(WORK TO COMPLETE)
Copy the data below exactly, but not the pictures it contains.

(DATA EXTRACT)
- - - - - - -

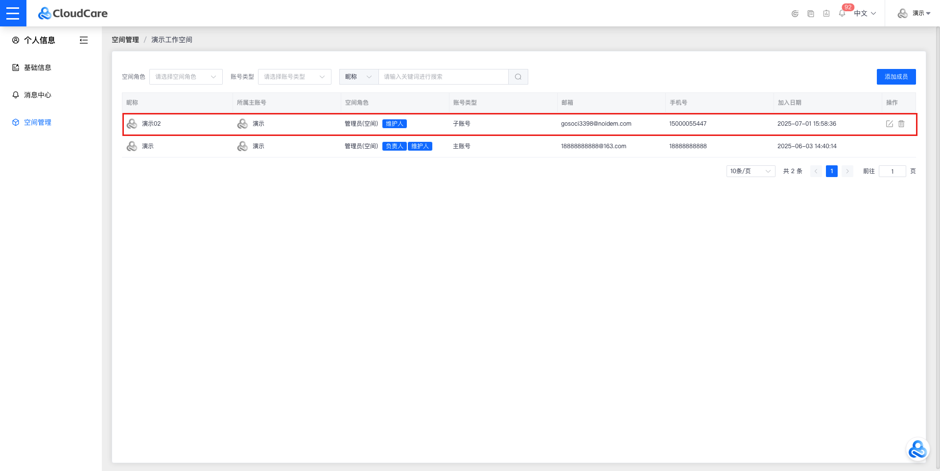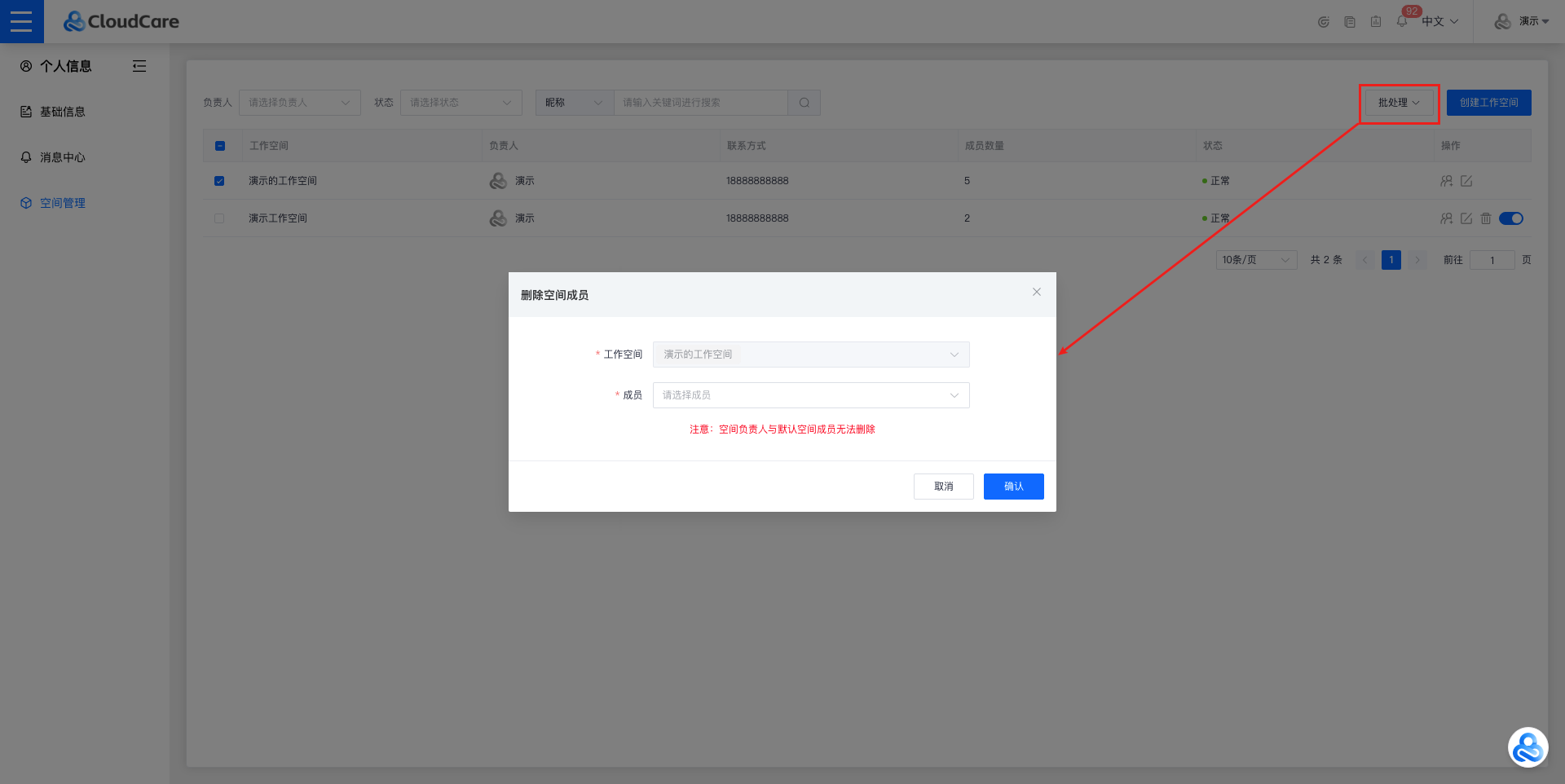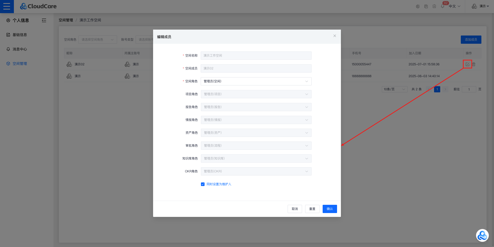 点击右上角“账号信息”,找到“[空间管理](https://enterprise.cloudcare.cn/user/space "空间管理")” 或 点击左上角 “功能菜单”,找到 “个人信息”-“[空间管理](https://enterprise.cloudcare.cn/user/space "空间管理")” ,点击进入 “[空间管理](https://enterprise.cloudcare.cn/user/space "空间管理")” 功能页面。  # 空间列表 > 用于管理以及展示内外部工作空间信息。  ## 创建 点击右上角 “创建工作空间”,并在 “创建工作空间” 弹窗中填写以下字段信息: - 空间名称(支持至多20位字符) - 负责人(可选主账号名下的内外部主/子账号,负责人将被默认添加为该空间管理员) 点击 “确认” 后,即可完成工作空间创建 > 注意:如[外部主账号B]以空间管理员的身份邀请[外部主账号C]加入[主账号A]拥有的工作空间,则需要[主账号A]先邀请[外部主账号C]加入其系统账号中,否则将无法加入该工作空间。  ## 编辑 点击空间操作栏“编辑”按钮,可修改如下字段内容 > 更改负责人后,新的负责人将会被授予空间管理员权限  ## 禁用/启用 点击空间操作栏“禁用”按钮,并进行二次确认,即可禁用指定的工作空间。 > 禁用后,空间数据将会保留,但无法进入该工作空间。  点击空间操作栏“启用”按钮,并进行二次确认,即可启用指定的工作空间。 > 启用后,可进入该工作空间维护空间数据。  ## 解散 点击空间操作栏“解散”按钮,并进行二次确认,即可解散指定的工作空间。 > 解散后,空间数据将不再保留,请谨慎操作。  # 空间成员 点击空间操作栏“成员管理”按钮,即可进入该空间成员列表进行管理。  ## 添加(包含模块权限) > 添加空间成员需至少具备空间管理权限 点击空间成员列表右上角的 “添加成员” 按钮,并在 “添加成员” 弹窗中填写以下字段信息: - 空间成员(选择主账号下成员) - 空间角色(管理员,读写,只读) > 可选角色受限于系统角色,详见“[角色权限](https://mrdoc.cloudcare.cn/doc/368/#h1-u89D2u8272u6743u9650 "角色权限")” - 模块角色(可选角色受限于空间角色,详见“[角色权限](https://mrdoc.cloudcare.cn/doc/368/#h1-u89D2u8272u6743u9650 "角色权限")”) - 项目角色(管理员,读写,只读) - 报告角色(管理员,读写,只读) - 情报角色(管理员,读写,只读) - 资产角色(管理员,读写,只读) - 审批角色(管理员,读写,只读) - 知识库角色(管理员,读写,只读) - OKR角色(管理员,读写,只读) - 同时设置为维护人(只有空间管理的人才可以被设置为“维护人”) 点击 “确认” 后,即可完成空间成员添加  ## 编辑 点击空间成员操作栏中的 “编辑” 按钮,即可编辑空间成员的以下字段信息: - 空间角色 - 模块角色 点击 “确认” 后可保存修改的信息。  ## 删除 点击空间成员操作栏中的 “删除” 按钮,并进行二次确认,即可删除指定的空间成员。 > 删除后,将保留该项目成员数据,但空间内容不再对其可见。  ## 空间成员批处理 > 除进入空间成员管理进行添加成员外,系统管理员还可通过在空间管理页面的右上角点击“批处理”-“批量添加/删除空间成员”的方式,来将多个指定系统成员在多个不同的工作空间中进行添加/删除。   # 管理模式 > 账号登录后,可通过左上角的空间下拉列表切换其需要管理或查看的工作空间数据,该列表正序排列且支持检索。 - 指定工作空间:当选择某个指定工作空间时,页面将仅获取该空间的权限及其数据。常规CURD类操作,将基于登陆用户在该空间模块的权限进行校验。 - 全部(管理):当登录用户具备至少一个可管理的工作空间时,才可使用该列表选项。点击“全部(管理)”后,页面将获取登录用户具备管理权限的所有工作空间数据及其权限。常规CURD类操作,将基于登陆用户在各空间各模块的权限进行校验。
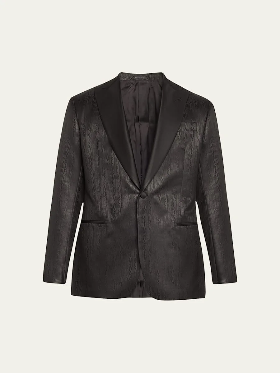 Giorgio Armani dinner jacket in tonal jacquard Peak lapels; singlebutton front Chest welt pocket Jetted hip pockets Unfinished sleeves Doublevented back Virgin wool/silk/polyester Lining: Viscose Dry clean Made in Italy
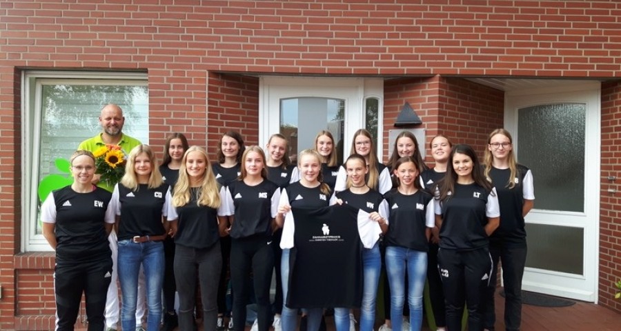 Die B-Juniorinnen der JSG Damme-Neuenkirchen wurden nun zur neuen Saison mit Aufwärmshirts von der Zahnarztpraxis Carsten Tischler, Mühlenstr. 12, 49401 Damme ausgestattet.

- - - - - - -

(ANSWER SPACE)
 点击右上角“账号信息”,找到“[空间管理](https://enterprise.cloudcare.cn/user/space "空间管理")” 或 点击左上角 “功能菜单”,找到 “个人信息”-“[空间管理](https://enterprise.cloudcare.cn/user/space "空间管理")” ,点击进入 “[空间管理](https://enterprise.cloudcare.cn/user/space "空间管理")” 功能页面。  # 空间列表 > 用于管理以及展示内外部工作空间信息。  ## 创建 点击右上角 “创建工作空间”,并在 “创建工作空间” 弹窗中填写以下字段信息: - 空间名称(支持至多20位字符) - 负责人(可选主账号名下的内外部主/子账号,负责人将被默认添加为该空间管理员) 点击 “确认” 后,即可完成工作空间创建 > 注意:如[外部主账号B]以空间管理员的身份邀请[外部主账号C]加入[主账号A]拥有的工作空间,则需要[主账号A]先邀请[外部主账号C]加入其系统账号中,否则将无法加入该工作空间。  ## 编辑 点击空间操作栏“编辑”按钮,可修改如下字段内容 > 更改负责人后,新的负责人将会被授予空间管理员权限  ## 禁用/启用 点击空间操作栏“禁用”按钮,并进行二次确认,即可禁用指定的工作空间。 > 禁用后,空间数据将会保留,但无法进入该工作空间。  点击空间操作栏“启用”按钮,并进行二次确认,即可启用指定的工作空间。 > 启用后,可进入该工作空间维护空间数据。  ## 解散 点击空间操作栏“解散”按钮,并进行二次确认,即可解散指定的工作空间。 > 解散后,空间数据将不再保留,请谨慎操作。  # 空间成员 点击空间操作栏“成员管理”按钮,即可进入该空间成员列表进行管理。  ## 添加(包含模块权限) > 添加空间成员需至少具备空间管理权限 点击空间成员列表右上角的 “添加成员” 按钮,并在 “添加成员” 弹窗中填写以下字段信息: - 空间成员(选择主账号下成员) - 空间角色(管理员,读写,只读) > 可选角色受限于系统角色,详见“[角色权限](https://mrdoc.cloudcare.cn/doc/368/#h1-u89D2u8272u6743u9650 "角色权限")” - 模块角色(可选角色受限于空间角色,详见“[角色权限](https://mrdoc.cloudcare.cn/doc/368/#h1-u89D2u8272u6743u9650 "角色权限")”) - 项目角色(管理员,读写,只读) - 报告角色(管理员,读写,只读) - 情报角色(管理员,读写,只读) - 资产角色(管理员,读写,只读) - 审批角色(管理员,读写,只读) - 知识库角色(管理员,读写,只读) - OKR角色(管理员,读写,只读) - 同时设置为维护人(只有空间管理的人才可以被设置为“维护人”) 点击 “确认” 后,即可完成空间成员添加  ## 编辑 点击空间成员操作栏中的 “编辑” 按钮,即可编辑空间成员的以下字段信息: - 空间角色 - 模块角色 点击 “确认” 后可保存修改的信息。  ## 删除 点击空间成员操作栏中的 “删除” 按钮,并进行二次确认,即可删除指定的空间成员。 > 删除后,将保留该项目成员数据,但空间内容不再对其可见。  ## 空间成员批处理 > 除进入空间成员管理进行添加成员外,系统管理员还可通过在空间管理页面的右上角点击“批处理”-“批量添加/删除空间成员”的方式,来将多个指定系统成员在多个不同的工作空间中进行添加/删除。   # 管理模式 > 账号登录后,可通过左上角的空间下拉列表切换其需要管理或查看的工作空间数据,该列表正序排列且支持检索。 - 指定工作空间:当选择某个指定工作空间时,页面将仅获取该空间的权限及其数据。常规CURD类操作,将基于登陆用户在该空间模块的权限进行校验。 - 全部(管理):当登录用户具备至少一个可管理的工作空间时,才可使用该列表选项。点击“全部(管理)”后,页面将获取登录用户具备管理权限的所有工作空间数据及其权限。常规CURD类操作,将基于登陆用户在各空间各模块的权限进行校验。
 Giorgio Armani dinner jacket in tonal jacquard Peak lapels; singlebutton front Chest welt pocket Jetted hip pockets Unfinished sleeves Doublevented back Virgin wool/silk/polyester Lining: Viscose Dry clean Made in Italy
 Die B-Juniorinnen der JSG Damme-Neuenkirchen wurden nun zur neuen Saison mit Aufwärmshirts von der Zahnarztpraxis Carsten Tischler, Mühlenstr. 12, 49401 Damme ausgestattet.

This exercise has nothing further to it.